# My new Taylor 416ce



## knight_yyz (Mar 14, 2015)

As the title says, introducing my brand new Taylor 416ce grand symphony. Sitka spruce top, ovangkol back and sides, ebony bridge pins and fingerboard, mahogany neck and heel, expression 2 electronics. The lower bout is a bit larger than a dreadnought (1/4"), but the pinched waist makes it extremely comfortable compared to a dread. Still has great bass response meaty mids and sparkling highs. I love the tone, sounds like an oldschool brazillian rosewood yamaha. The only mod for this baby will be John Pearse strings.


----------



## dtsaudio (Apr 15, 2009)

Beautiful.
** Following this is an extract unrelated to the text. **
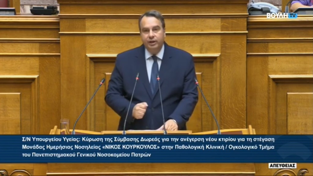 Στην Ολομέλεια της Βουλής μίλησε ο Βουλευτής Αιτωλοακαρνανίας της Νέας Δημοκρατίας, Θανάσης Παπαθανάσης, κατά τη συζήτηση για την κύρωση της σύμβασης δωρεάς της κυρίας Λάτση για την ανέγερση της νέας Μονάδας Ημερήσιας Νοσηλείας «Νίκος Κούρκουλος» στο Πανεπιστημιακό Νοσοκομείο Πατρών.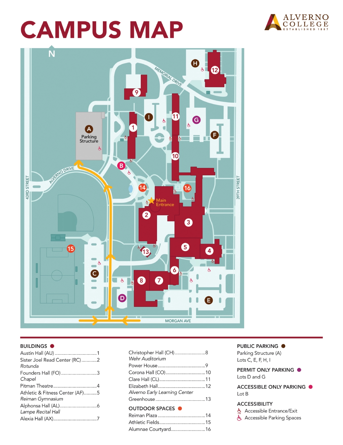 Welcome to the Alverno College campus Map, your guide to navigating our 46-acre campus in Milwaukee. This map highlights key academic buildings like Founders Hall and the Sister Joel Read Center , located south of Memorial Drive.

Congratulations.


----------



## greco (Jul 15, 2007)

Thanks for all the pics that you had promised would be posted.

Now that I see it, I'm even more jealous!

ENJOY!! ...dumb comment...how could you not!

Cheers

Dave


----------



## albert (Apr 15, 2009)

Very nice! Congratulations.


----------



## ed2000 (Feb 16, 2007)

keeper, eh?


----------



## knight_yyz (Mar 14, 2015)

Definitely a keeper. Now I have to decide whether to keep the ovation TX 1778. I love the look of the guitar but the sound leaves a lot to be desired compared to the taylor


----------



## jrdavis (Aug 1, 2015)

Knight,

Beautiful guitar. Enjoy it every day.

John


----------